Merge insertion algorithm, described in D. Knuth's "The art of computer programming", Vol 3, chapter 5.3.1, uses less comparisons than other comparison-based algorithms. But still it needs O(N log N) comparisons.
Would the existence of expensive(i,j) allow for a better algorithm that tries to avoid expensive comparing operations? If yes, can you point me to such an algorithm?
I think some of existing sorting algorithms may be modified to take into account expensive(i,j) predicate. Let's take the simplest of them - insertion sort. One of its variants, named in Wikipedia as binary insertion sort, uses only O(N log N) comparisons.
It employs a binary search to determine the correct location to insert new elements. We could apply expensive(i,j) predicate after each binary search step to determine if it is cheap to compare the inserted element with "middle" element found in binary search step. If it is expensive we could try the "middle" element's neighbors, then their neighbors, etc. If no cheap comparisons could be found we just return to the "middle" element and perform expensive comparison.
There are several possible optimizations. If predicate and/or cheap comparisons are not so cheap we could roll back to the "middle" element earlier than all other possibilities are tried. Also if move operations cannot be considered as very cheap, we could use some order statistics data structure (like Indexable skiplist) do reduce insertion cost to O(N log N).
This modified insertion sort needs O(N log N) time for data movement, O(N2) predicate computations and cheap comparisons and O(N log N) expensive comparisons in the worst case. But more likely there would be only O(N log N) predicates and cheap comparisons and O(1) expensive comparisons.
Consider a set of possibly large files. In this application the goal is to find duplicate files among them.
If the only goal is to find duplicates, I think sorting (at least comparison sorting) is not necessary. You could just distribute the files between buckets depending on hash value computed for first megabyte of data from each file. If there are more than one file in some bucket, take other 10, 100, 1000, ... megabytes. If still more than one file in some bucket, compare them byte-by-byte. Actually this procedure is similar to radix sort.
Most sorting algorithm out there try minimize the amount of comparisons during sorting.
My advice:
Pick quick-sort as a base algorithm and memorize results of comparisons just in case you happen to compare the same problems again. This should help you in the O(N^2) worst case of quick-sort. Bear in mind that this will make you use O(N^2) memory.
Now if you are really adventurous you could try the Dual-Pivot quick-sort.
Something to keep in mind is that if you are continuously sorting the list with new additions, and the comparison between two elements is guaranteed to never change, you can memoize the comparison operation which will lead to a performance increase. In most cases this won't be applicable, unfortunately.
We can look at your problem in the another direction, Seems your problem is IO related, then you can use advantage of parallel sorting algorithms, In fact you can run many many threads to run comparison on files, then sort them by one of a best known parallel algorithms like Sample sort algorithm.
Quicksort and mergesort are the fastest possible sorting algorithm, unless you have some additional information about the elements you want to sort. They will need O(n log(n)) comparisons, where n is the size of your array.
It is mathematically proved that any generic sorting algorithm cannot be more efficient than that.
If you want to make the procedure faster, you might consider adding some metadata to accelerate the computation (can't be more precise unless you are, too).

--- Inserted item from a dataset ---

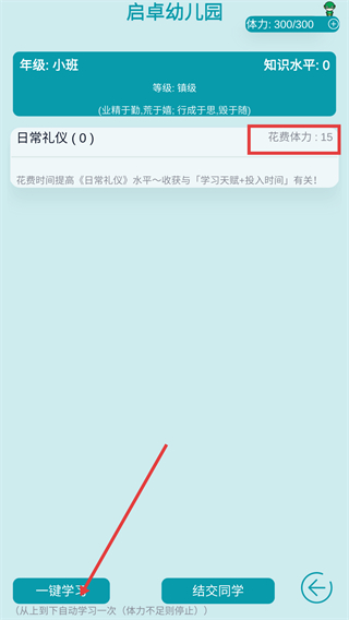4、在启卓幼儿园界面,点击【一键学习】,花费体力15,提升【日常礼仪】水平,收获与学习天赋和投入时间有关。

If you know something stronger, such as the existence of a maximum and a minimum, you can use faster sorting algorithms, such as radix sort or bucket sort.
You can look for all the mentioned algorithms on wikipedia.
As far as I know, you can't benefit from the expensive relationship. Even if you know that, you still need to perform such comparisons. As I said, you'd better try and cache some results.
EDIT I took some time to think about it, and I came up with a slightly customized solution, that I think will make the minimum possible amount of expensive comparisons, but totally disregards the overall number of comparisons. It will make at most (n-m)*log(k) expensive comparisons, where
n is the size of the input vector
m is the number of distinct component which are easy to compare between each other
k is the maximum number of elements which are hard to compare and have consecutive ranks.
Here is the description of the algorithm. It's worth nothing saying that it will perform much worse than a simple merge sort, unless m is big and k is little. The total running time is O[n^4 + E(n-m)log(k)], where E is the cost of an expensive comparison (I assumed E >> n, to prevent it from being wiped out from the asymptotic notation. That n^4 can probably be further reduced, at least in the mean case.
EDIT The file I posted contained some errors. While trying it, I also fixed them (I overlooked the pseudocode for insert_sorted function, but the idea was correct. I made a Java program that sorts a vector of integers, with delays added as you described. Even if I was skeptical, it actually does better than mergesort, if the delay is significant (I used 1s delay agains integer comparison, which usually takes nanoseconds to execute)

In what situations do I use these sorting algorithms?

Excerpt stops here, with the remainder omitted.